NEW YORK, NY, March 28, 2018 --- Lindblad Expeditions Holdings, Inc. (NASDAQ: LIND; "Lindblad"; the "Company"), a global provider of expedition cruises and adventure travel experiences, today announced the completion of a refinancing of its existing senior secured term loan and revolving credit facility. The new $200 million, seven-year, senior secured term loan facility will bear interest at LIBOR plus 3.50%, with a potential step down to LIBOR plus 3.25% depending on the Company’s credit rating. The new $45 million, five-year, revolving credit facility will bear interest at LIBOR plus 3.00%. The pricing of the new term loan and revolving credit facility reflects a one percentage point rate reduction compared to the prior $175 million term loan facility and $45 million revolving credit facility. Additionally, the covenants in the new facility were modified to provide the Company with additional strategic and operational flexibility.


The proceeds from the new term loan were utilized to pay down the Company’s existing term loan with the remaining additional proceeds to be used for general corporate purposes.

Credit Suisse, JPMorgan Chase Bank, N.A. and Citibank, N.A. acted as joint book-runners, joint lead arrangers and syndication agents for this transaction.


About Lindblad Expeditions Holdings, Inc.

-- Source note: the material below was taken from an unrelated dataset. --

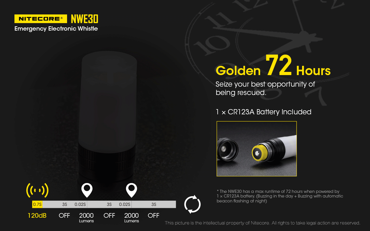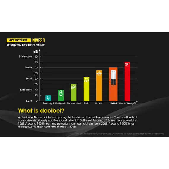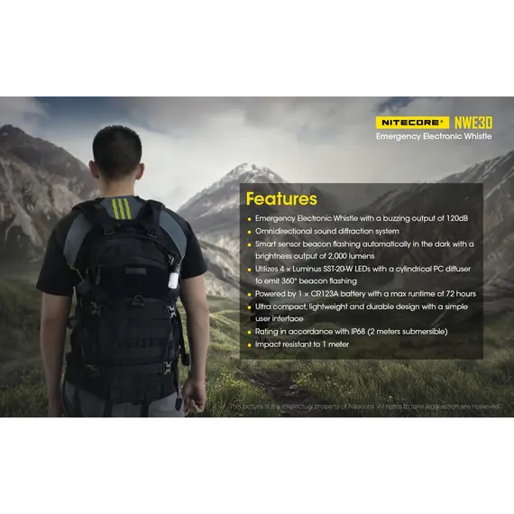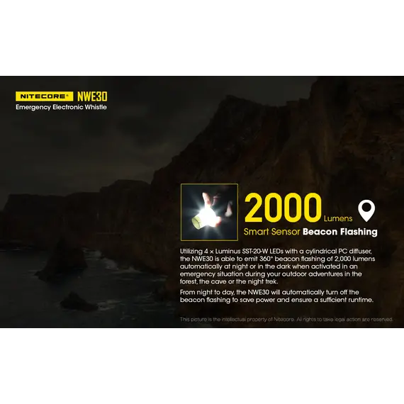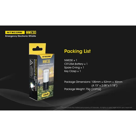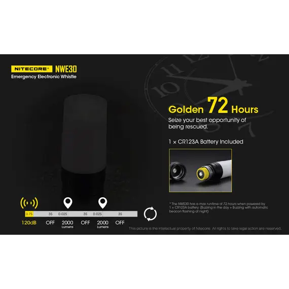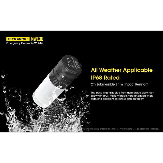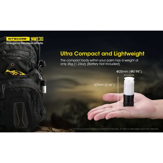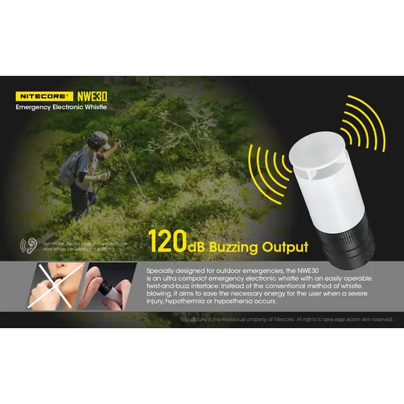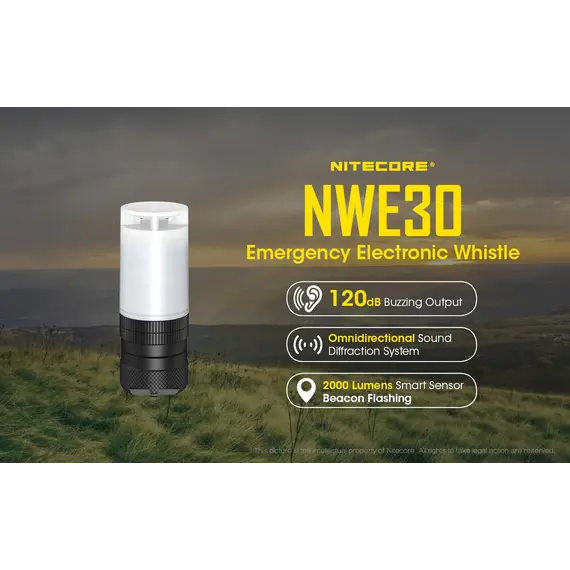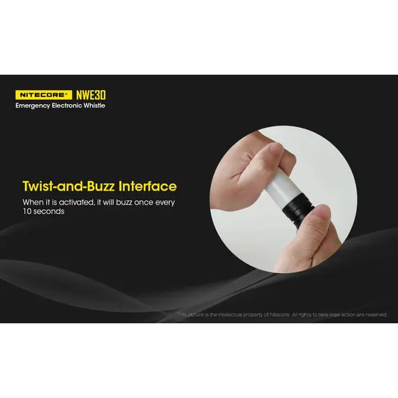 Η NITECORE NWE30 είναι μία εξαιρετικά συμπαγής ηλεκτρονική σφυρίχτρα έκτακτης ανάγκης με έναν εύχρηστο τρόπο ενεργοποίησης με περιστροφή.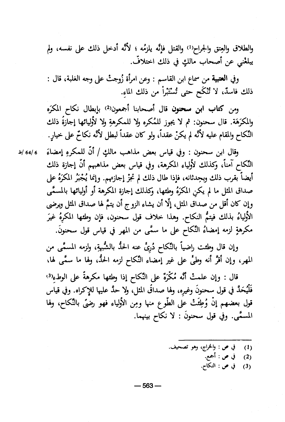 وفي العتبية من سماع ابن القاسم وعن امراة زوجت على وجه الغلبة قال ذلك فاسد لا تنكح حتى تستبرا من ذلك الماء.

Lindblad Expeditions Holdings, Inc. is an expedition travel company that works in partnership with National Geographic to inspire people to explore and care about the planet. The organizations work in tandem to produce innovative marine expedition programs and to promote conservation and sustainable tourism around the world. The partnership’s educationally oriented voyages allow guests to interact with and learn from leading scientists, naturalists and researchers while discovering stunning natural environments, above and below the sea, through state-of-the-art exploration tools. For more information visit us at









Forward Looking Statements


Certain matters discussed in this press release are "forward-looking statements" intended to qualify for the safe harbor from liability established by the Private Securities Litigation Reform Act of 1995. Such forward-looking statements are subject to certain risks and uncertainties that could cause results to differ materially from those expected, including, but not limited to, those risks described in the Company's filings with the SEC. Stockholders, potential investors and other readers are urged to consider these factors carefully in evaluating the forward-looking statements and are cautioned not to place undue reliance on such forward-looking statements. The forward-looking statements made herein are made only as of the date of this press release and the Company undertakes no obligation to publicly update any forward-looking statements.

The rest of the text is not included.